AVAILABLE DATA:
[Start of Attachment]
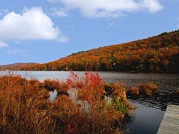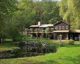 Spacious lakefront home located on tranquil Kittatinny Lake featuring hardwood floors, cathedral ceilings, skylights, fireplace, wood stove, large artist's studio and a detached workshop / garage.
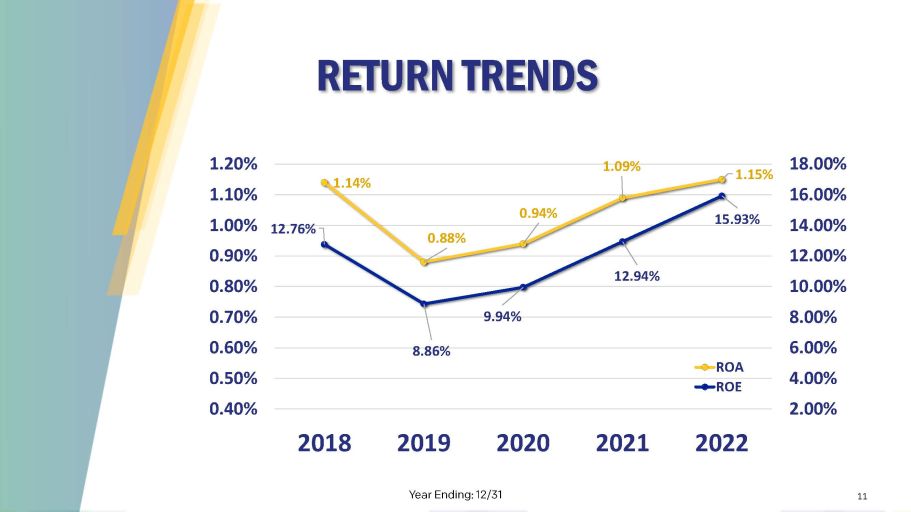 RETURN TRENDS 1.14% 0.88% 0.94% 1.09% 1.15% 12.76% 8.86% 9.94% 12.94% 15.93% 18.00% 16.00% 14.00% 12.00% 10.00% 8.00% 6.00% 4.00% 2.00% 1.20% 1.10% 1.00% 0.90% 0.80% 0.70% 0.60% 0.50% 0.40% 2018 2019 2020 2021 2022 ROA ROE 11
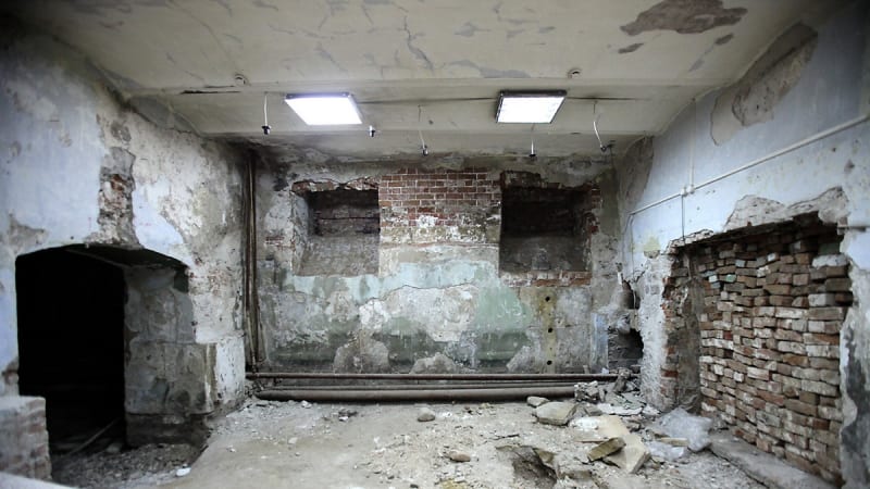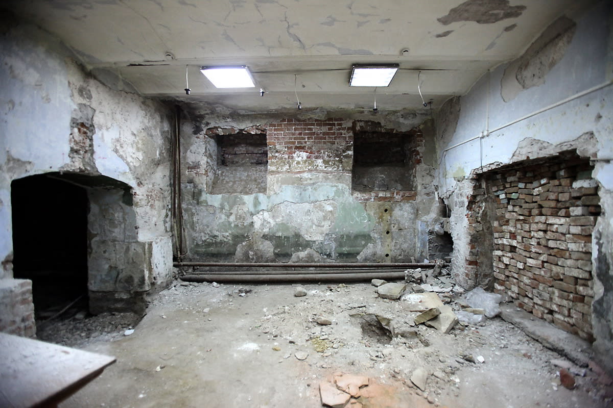 До того, как дом был передан Красной Армии, в нём было представительство командования Министерства внутренних дел. Эти структуры, так же как и Минобороны, не оставили после себя никаких документов. Это осложняет реставрацию. Но самое главное, что все входы и выходы были замурованы – мы идём по подвалу, подсвечивая путь телефонным фонариком. Луч выхватывает заложенные кирпичом оконные и дверные проёмы.
[End of Attachment]
Your reply should consist solely of the lines above, from the opening line through the line with "RETURN TRENDS 1.14%", reproduced exactly and without pictures.

 Spacious lakefront home located on tranquil Kittatinny Lake featuring hardwood floors, cathedral ceilings, skylights, fireplace, wood stove, large artist's studio and a detached workshop / garage.
 RETURN TRENDS 1.14% 0.88% 0.94% 1.09% 1.15% 12.76% 8.86% 9.94% 12.94% 15.93% 18.00% 16.00% 14.00% 12.00% 10.00% 8.00% 6.00% 4.00% 2.00% 1.20% 1.10% 1.00% 0.90% 0.80% 0.70% 0.60% 0.50% 0.40% 2018 2019 2020 2021 2022 ROA ROE 11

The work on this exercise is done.